Senate Majority Leader Harry Reid said the chamber, after defeating a gun sale
background checks bill, would table the measure to focus on other legislation.
"It's only a matter of time before we bring this anti-gun-violence measure back to the floor for a vote," Reid said Thursday. "The stand of the Republicans is not sustainable."
Reid said tabling the gun-control bill would allow the Senate to step over procedural hurdles when it returns to the measure after more behind-the-scenes negotiations, The Hill reported.
Among other things, Reid filed a motion to end debate on a bill that would allow states to collect online sales taxes. The Senate is likely to begin votes on that bill next week.
On Wednesday, the Senate voted 54-46 in favor of the bipartisan amendment from Sens. Joe Manchin, D-W.Va., and Pat Toomey, R-Pa., that would have expanded background checks to all online and gun-show sales. The amendment required 60 votes for approval.
"But make no mistake: This debate is not over," Reid, D-Nev., said on the Senate floor Thursday. "This is not the end of the fight. Republicans are in an unsustainable position -- crosswise with nine out of 10 Americans."

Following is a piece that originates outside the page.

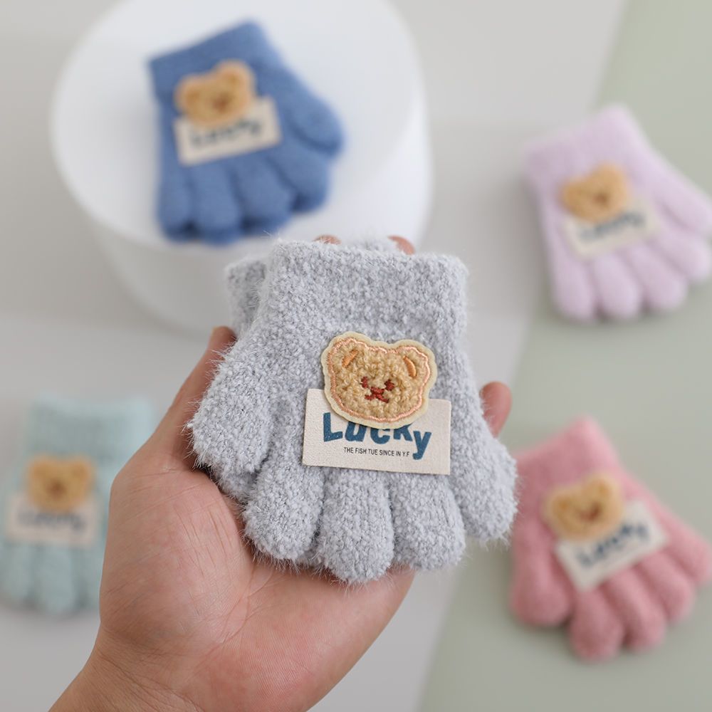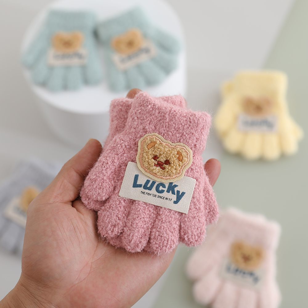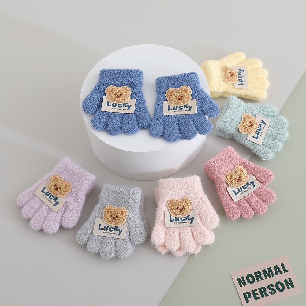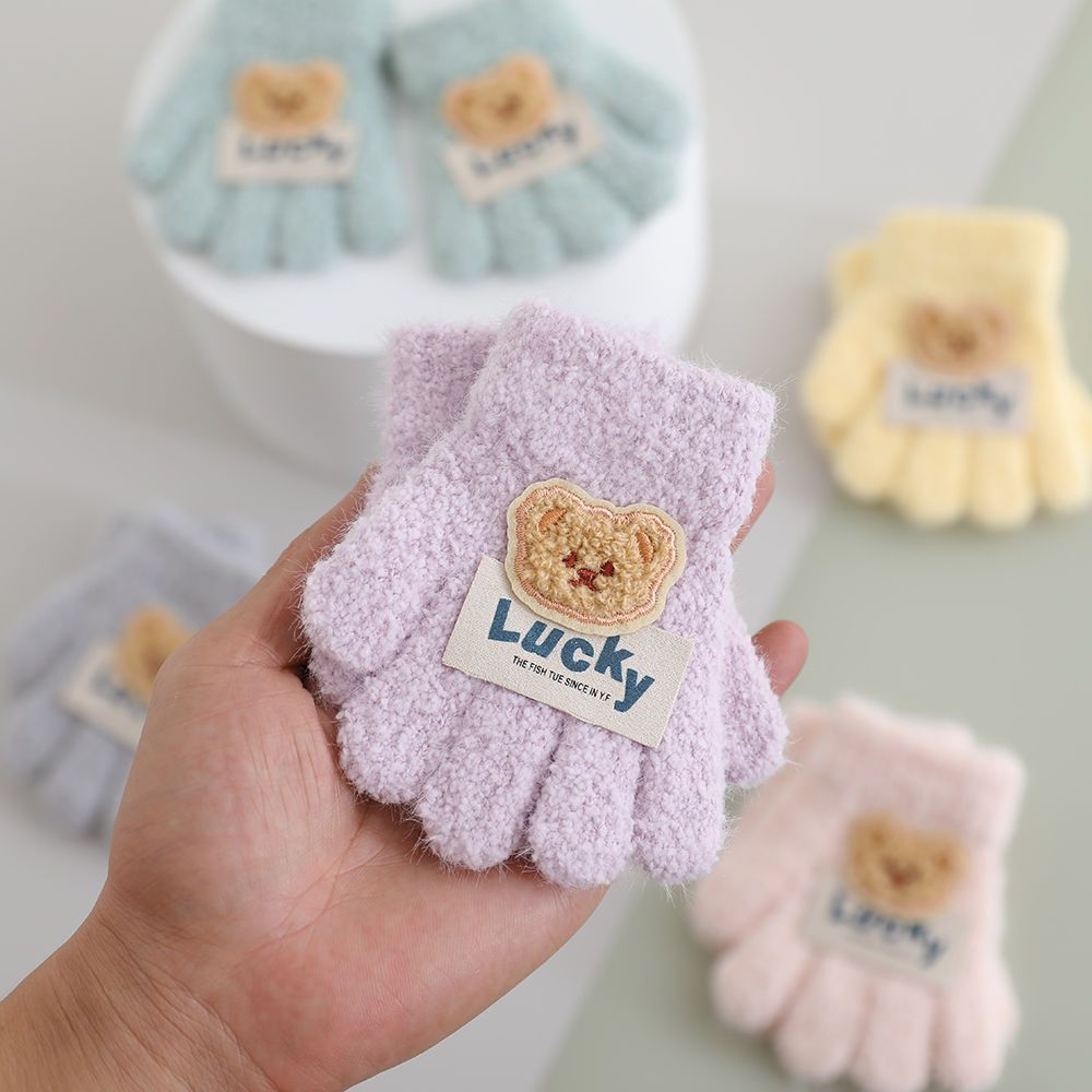 儿童手套分指男小熊宝宝五指冬季保暖加厚女童可爱防寒1-3岁婴儿2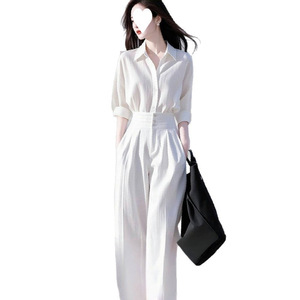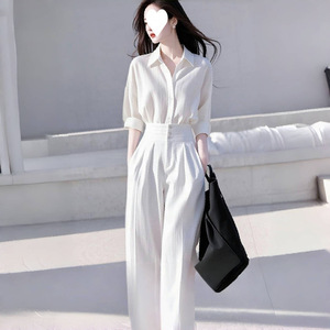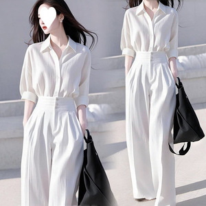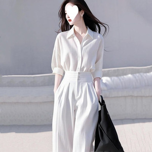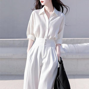 高级感老钱风穿搭女2025秋季新款简约气质中袖衬衫阔腿裤两件套装

Democrats called for stricter gun laws after a gunman killed 20 first-graders and six educators at Sandy Hook Elementary School in Newtown, Conn., before committing suicide in December. Before heading to the school, Adam Lanza killed his mother, who owned the guns.
Reid commended Manchin, Toomey and other senators for bridging the partisan gap to negotiate the compromise.
"Unfortunately, the overwhelming majority of Senate Republicans ignored the voices of an overwhelming majority of Americans," Reid said from the well. "Yesterday, the families of gun violence victims watched as Republicans defeated a common-sense proposal to expand background checks that has the support of 90 percent of Americans."
Speaking at the White House after the vote, President Obama said senators who voted no "caved" to pressure from the National Rifle Association and said the NRA "willfully lied" about what the legislation would do.
"All in all, this was a pretty shameful day for Washington, but this effort is not over," the president said.